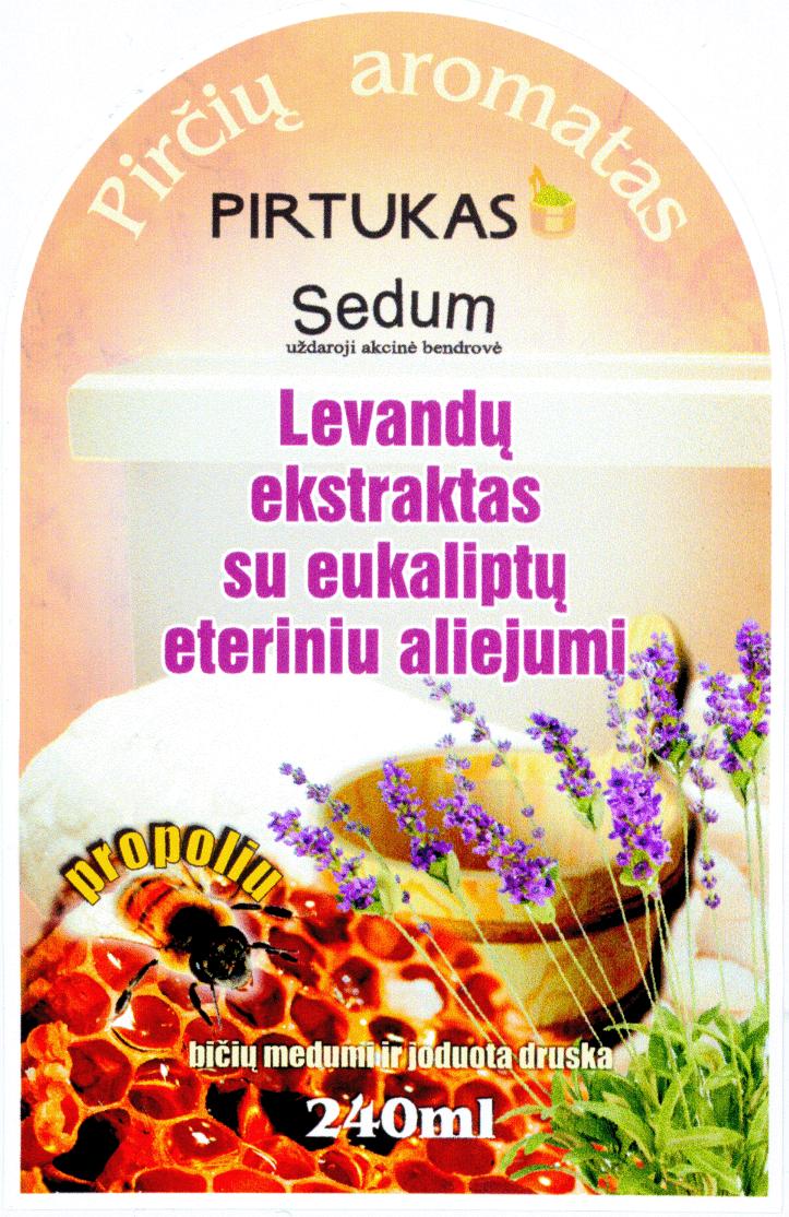 (540) Pirčių aromatas PIRTUKAS Sedum uždaroji akcinė bendrovė Levandų ekstraktas su eukaliptų eteriniu aliejumi propoliu bičių medumi ir joduota druska 240ml
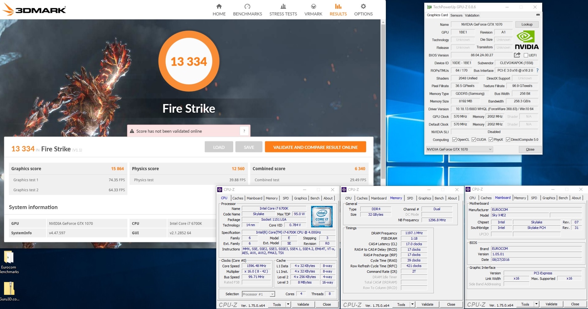 EUROCOM Sky X4E2 - Fire Strike - NVIDIA GeForce GTX 1080 - Score: 13 334
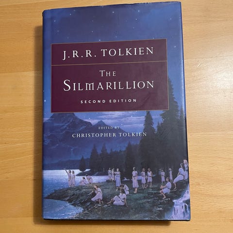 J.R.R. Tolkien Silmarillion bog med illustrationer af Ted Nasmith. Indeholder forord og uddrag om Tolkiens værker og illustrationer, der skildrer scener fra bogen. Teksten er på dansk og beskriver Tolkiens liv og arbejde, samt baggrunden for Silmarillion.
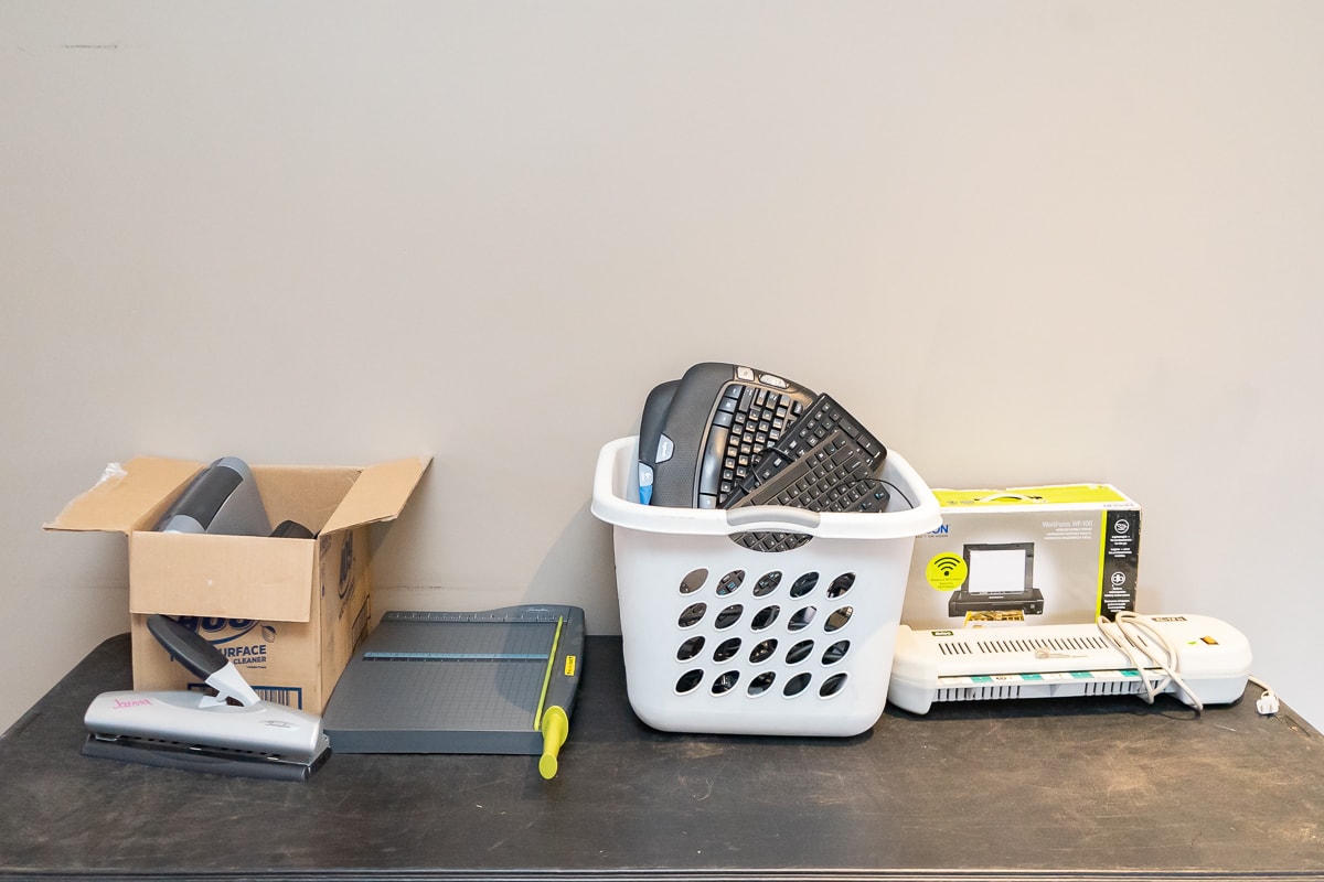 StarCraft 15″ x 15″ Clamshell Heat Press, X-Acto School Pro Pencil Sharpener, Cricut Explore Air Cutting Machine, Scotch Model TL 1306 Laminator, Generic Clothing for Arts & Crafts plus Contents of Craft Room, Large Craft Room Table and more.
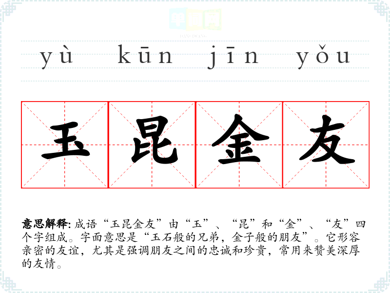 成语“玉昆金友”由“玉”、“昆”和“金”、“友”四个字组成。字面意思是“玉石般的兄弟,金子般的朋友”。它形容亲密的友谊,尤其是强调朋友之间的忠诚和珍贵,常用来赞美深厚的友情。
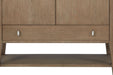 Trilogy Door Chest – Toffee Elevate your space with the Trilogy Door Chest in Toffee, a perfect blend of style and practicality. Featuring two cabinet doors with adjustable soft-close hinges, the chest opens to reveal a thoughtful storage solution. Inside, two drawers are felt-lined, offering protection for delicate items, while an exterior large drawer is cedar-lined, keeping your clothing fresh and organized. The clean, modern design is enhanced by a rich finish, making this chest a versatile piece for your bedroom, living room, or entryway. With both concealed and open storage, the Trilogy Door Chest keeps your space tidy and sophisticated.
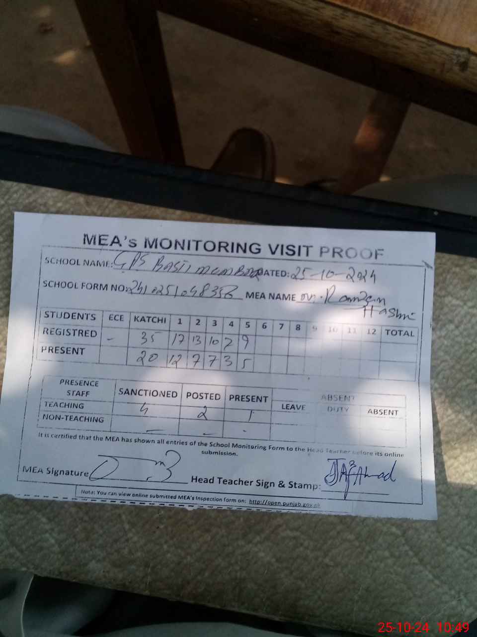 | Certified that this School was Inspected by the Undersigned MEA/DMO Today and the Information Stated Above is as Per Record. | |||||
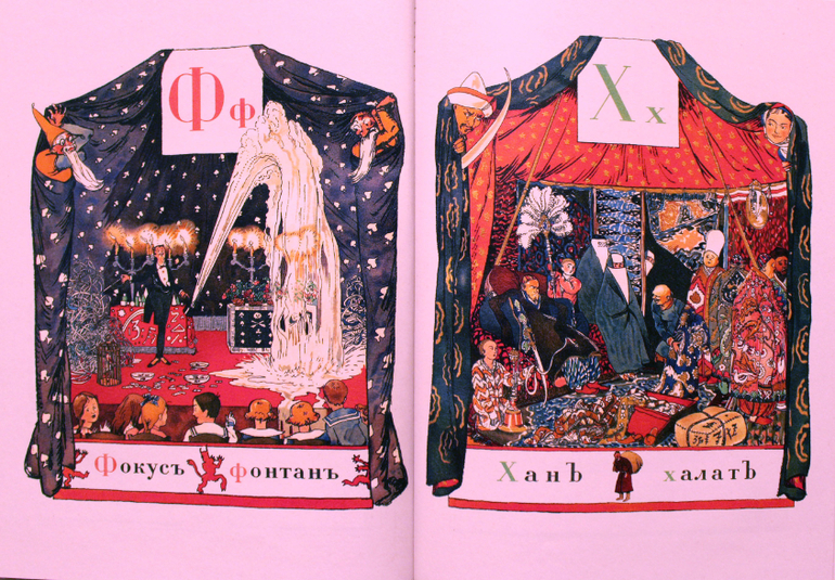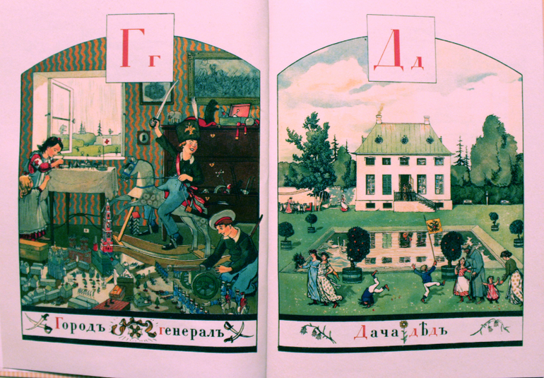 А для любителей винтажа покажу пару разворотов Азбуки с картинами Александра Бенуа.
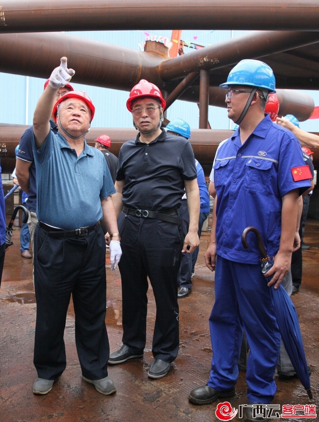 郑皆连院士(左一)在平南三桥加工制造现场。beat365正版唯一官方网站供图
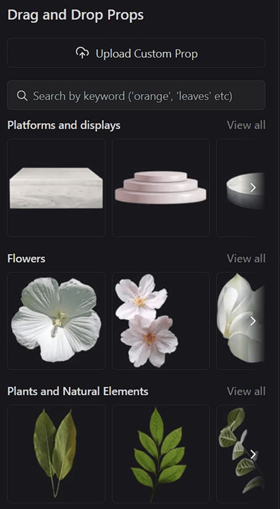 Kolejną wyróżniającą się opcją w module „drag & drop” są elementy, które możemy dodać do naszego obszaru roboczego. Mamy tutaj naprawdę szeroki wybór. W bibliotece znajdziemy różne elementy, takie jak platformy, na których możemy postawić nasz produkt, elementy związane z naturą, takie jak liście czy kwiaty lub coś całkowicie innego, jak np. zwierzęta.
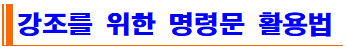령문의 강조는 크게 세 가지 방식으로 나타납니다. 첫째, 어휘적 강조, 둘째, 어조 강조, 셋째, 문법적 강조입니다. 1. 어휘적 강조: 명령문에 ‘please’, ‘right now’, ‘at once’ 같은 어휘를 추가해 강조합니다. 예 : Please sit down. / Call me right now! 이는 요청을 정중하게 만들거나 긴급함을 표현할 때 유용합니다. 2. 어조 강조 : 같은 문장이라도 말하는 사람의 어조에 따라 명령의 강도가 달라집니다. 특히, 구어체에서는 억양이 명령문 전달에 큰 영향을 미칩니다. 예 : “Come here.”라는 문장을 단호하게 말하면 명령이고, 부드럽게 말하면 요청처럼 들릴 수 있습니다. 3. 문법적 강조 : 주어를 생략하지 않고 명시하거나, 문장에 부가 표현을 덧붙이는 방식입니다. 예 : You must listen carefully! / Do sit down! 여기서 “do”를 덧붙이는 것은 문법적으로 강조 효과를 나타내는 방식입니다. 문법적으로는 보통의 명령문보다 더 강한 느낌을 줍니다. 이처럼 명령문의 강조 방식은 상황과 의도에 따라 달라지며, 정확한 표현 선택이 중요합니다. 명령문의 뉘앙스를 조절할 수 있는 능력은 실용 영어에서 매우 중요한 부분입니다.
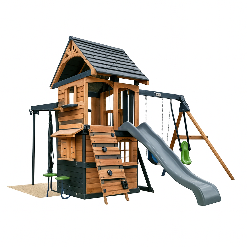 Bring modern design and playful fun to your backyard with the Modern Cedar Wood Playset. This compact yet feature-packed playground includes a wave slide, swings, climbing wall, and a built-in snack stand for imaginative play. Crafted with cedar wood and steel reinforcements, it’s the perfect balance of durability, style, and fun for families with limited outdoor space.
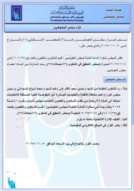 وبحسب وثيقة حصلت عليها "واضح"، فإن "مجلس المفوضين رد شكوى النائب حسين عرب ضد رئيس الوزراء لعدم مخالفة الأنظمة والتعليمات الصادرة عن مفوضية الانتخابات، وجاء القرار استنادًا إلى المادة 3 / رابعاً من نظام الشكاوى والطعون لانتخاب مجلس النواب رقم 10 لسنة 2025".
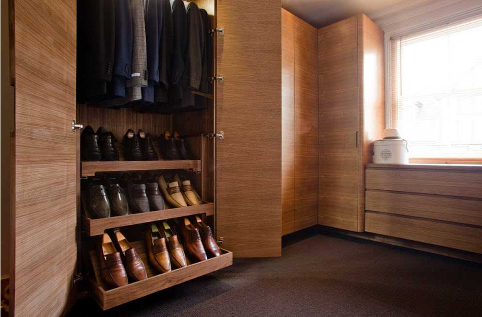 На фото неглубокий угловой шкаф-купе с нижними и верхними штангами, а также выкатными ящичками для мелочей.
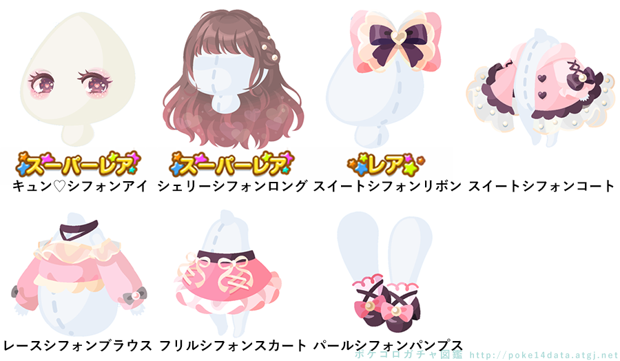 ★キュン♡シフォンアイ(顔パーツ) ★シェリーシフォンロング ☆スイートシフォンリボン スイートシフォンコート レースシフォンブラウス フリルシフォンスカート パールシフォンパンプス
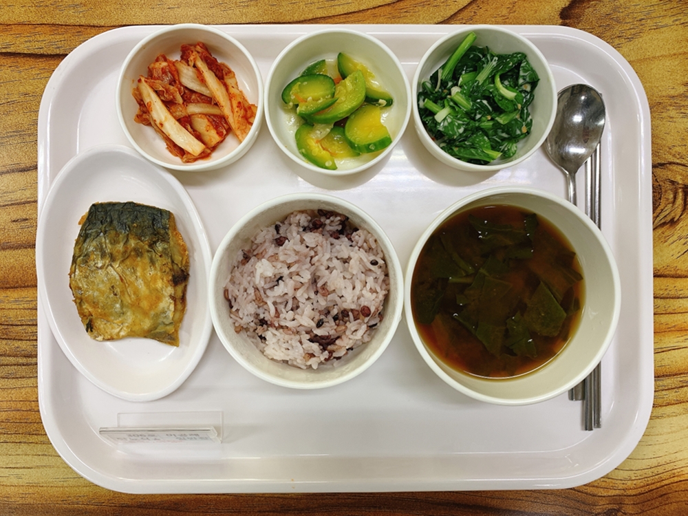 10월 28일 중식은 < 백미밥(죽/잡곡밥) / 근대된장국 / 삼치구이 / 비타민들깨소스무침 / 애호박새우젓볶음 / 김치 > 였습니다.
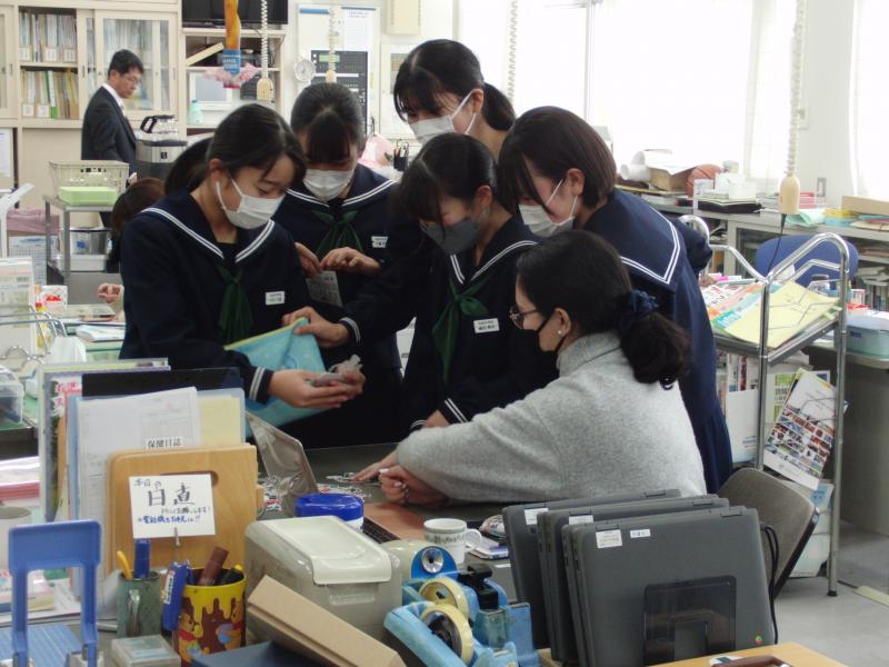 昼休みの職員室です。英語の時間、アクティビティ(活動)のご褒美にアニメキャラクターのステッカーをもらえたようです。授業で物足りなかった生徒たちが、ALTのエイミーさんにおねだりに来ていました。
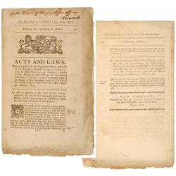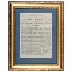 <Our item number 140986><B>1790 New Hampshire Broadside.</B> Rare printing of the 1790 New Hampshire Act, "Directing the M...

● Instructions for the task:
Stop after the line containing "J.R.R. Tolkien Silmarillion": copy the records exactly from the first line up to there, leaving pictures out.

● Answer:
 (540) Pirčių aromatas PIRTUKAS Sedum uždaroji akcinė bendrovė Levandų ekstraktas su eukaliptų eteriniu aliejumi propoliu bičių medumi ir joduota druska 240ml
 EUROCOM Sky X4E2 - Fire Strike - NVIDIA GeForce GTX 1080 - Score: 13 334
 J.R.R. Tolkien Silmarillion bog med illustrationer af Ted Nasmith. Indeholder forord og uddrag om Tolkiens værker og illustrationer, der skildrer scener fra bogen. Teksten er på dansk og beskriver Tolkiens liv og arbejde, samt baggrunden for Silmarillion.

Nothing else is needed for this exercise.